One of the principal contributions of Kanekar was the establishment of observational bounds for the study of the evolution of the electron proton mass ratio. He has also done reportedly notable work on the fine structure constant over cosmological time scales. He was one among the group of astronomers who observed a pair of distant Milky Way-like galaxies in early 2017 which has since been detailed in a paper published by the scientists. His studies have been documented by way of a number of articles and ResearchGate, an online article repository of scientific articles, has listed 115 of them. (Note: Please see Selected bibliography section) He has also delivered several lectures on astronomy which include a series of lectures delivered at Indian Institute of Science Education and Research, Mohali in 2014.

Kanekar received the URSI Young Scientist Award of the International Union of Radio Science in 2005 which he declined. Three years later, the Astronomical Society of India chose him, along with Niayesh Afshordi, for the 2008 Vainu Bappu Gold Medal and he became a Ramanujan Fellow of the Department of Science and Technology in 2009, the tenure of the fellowship running until 2014. In 2015, he shared the bi-annual Hari Om Prerit Vikram Sarabhai Award of the Physical Research Laboratory with Dibyendu Chakraborty; the same year, he was selected for the Swarna Jayanthi fellowship of the Department of Science and Technology. He has held various research fellowships, including Max Planck Fellowship (2007–09), Jansky Fellowship (2004–08), and NOVA Fellowship (2002–04) and he declined the Bolton Fellowship twice and ASTRON Fellowship once. The Council of Scientific and Industrial Research awarded Kanekar the Shanti Swarup Bhatnagar Prize, one of the highest Indian science awards in 2017. The lectureships held by him include the Delta Lecturership Award (2014) of the National Central University, Distinguished Visitorship (2005–06) of Australia Telescope National Facility and ESO Visiting Fellowship (2005) of the European Southern Observatory. He is also a member of the International Astronomical Union.

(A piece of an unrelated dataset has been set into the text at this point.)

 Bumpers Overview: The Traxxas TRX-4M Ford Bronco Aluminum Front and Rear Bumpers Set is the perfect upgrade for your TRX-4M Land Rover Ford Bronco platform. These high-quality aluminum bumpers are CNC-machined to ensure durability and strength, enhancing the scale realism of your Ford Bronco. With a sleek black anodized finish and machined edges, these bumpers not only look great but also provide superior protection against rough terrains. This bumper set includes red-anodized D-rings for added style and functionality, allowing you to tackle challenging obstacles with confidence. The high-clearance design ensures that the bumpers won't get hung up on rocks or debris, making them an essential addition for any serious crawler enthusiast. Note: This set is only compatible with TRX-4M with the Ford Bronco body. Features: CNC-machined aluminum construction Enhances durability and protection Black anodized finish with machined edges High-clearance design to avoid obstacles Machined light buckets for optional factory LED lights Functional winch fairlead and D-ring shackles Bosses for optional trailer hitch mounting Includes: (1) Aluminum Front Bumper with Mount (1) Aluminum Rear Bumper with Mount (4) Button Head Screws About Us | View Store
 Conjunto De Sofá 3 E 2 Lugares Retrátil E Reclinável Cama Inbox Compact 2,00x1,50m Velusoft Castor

In 2018 and 2023, he was a laureate of the Asian Scientist 100 by the Asian Scientist. In 2022, he was awarded the Infosys Prize in Physical Sciences for his study of galaxies in an era, the so-called “high noon” period, in which stars were being formed at a maximum rate. Separately, his careful astronomical investigations have placed the strongest limit on possible secular variation of the fine structure constant and the electron-to-proton mass ratio.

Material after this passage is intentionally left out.